Regelmatig worden in de politiek onderwerpen en issues benoemd, waarbij de overheid en andere instellingen pensioenfondsen vragen om (mede-) te financieren. Bijvoorbeeld voor de financiering van warmtenetten, groene waterstof, biobased bouwen, venture capital, innovatieve technologie, verduurzaming van schoolgebouwen, woningmarkt, stimuleren circulaire economie en defensie.
Vanuit de verschillende ministeries worden gesprekken, expertsessies, rondetafelgesprekken, werkgroepen geïnitieerd, waarbij regelmatig ook de ministers of staatssecretarissen aanwezig zijn. Het afgelopen jaar zijn er dergelijke initiatieven en gesprekken geweest vanuit de ministeries van Economische Zaken en Klimaat, van Financiën, van Onderwijs, van Binnenlandse zaken (incl. Volkshuisvesting), van Infrastructuur en Waterstaat, van Defensie en van Landbouw.

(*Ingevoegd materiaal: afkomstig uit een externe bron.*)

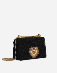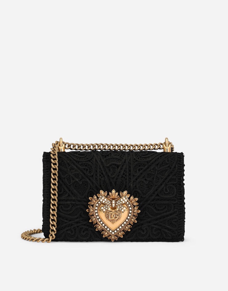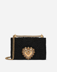 This medium Devotion bag comes in fine cordonetto lace and embodies Sicilian tradition and represents the brand’s signature aesthetic. It features the exclusive bejeweled heart fastening with vintage gold finish and the shoulder strap inspired by the techniques of high-quality jewelers: • Adjustable chain strap • Front flap with bejeweled branded heart hand-tooled from a metal alloy with pearl inlay • Concealed press-stud fastening • Nappa leather lining with a pocket with a zipper featuring a Devotion slider • Item comes with a branded dust bag • Measurements: 14.5 x 21 x 3 cm • Made in Italy Care And Details External composition: 100% Cotton Internal composition: 95% Lambskin 5% Viscose

PME staat open om samen met de overheid te onderzoeken waar pensioenfondsen een (financiële) bijdrage kunnen leveren bij maatschappelijke vraagstukken. Wel moet een goed rendement voor deze financiële bijdragen gerealiseerd kunnen worden. In 2023 namen we samen met de Pensioenfederatie, ABP, PFZW, PMT en BpfBOUW het initiatief om de verschillende gesprekken en initiatieven aan de kant van de pensioenfondsen te coördineren, zodat we kennis kunnen delen en meer gezamenlijk kunnen optrekken richting de politiek en overheid.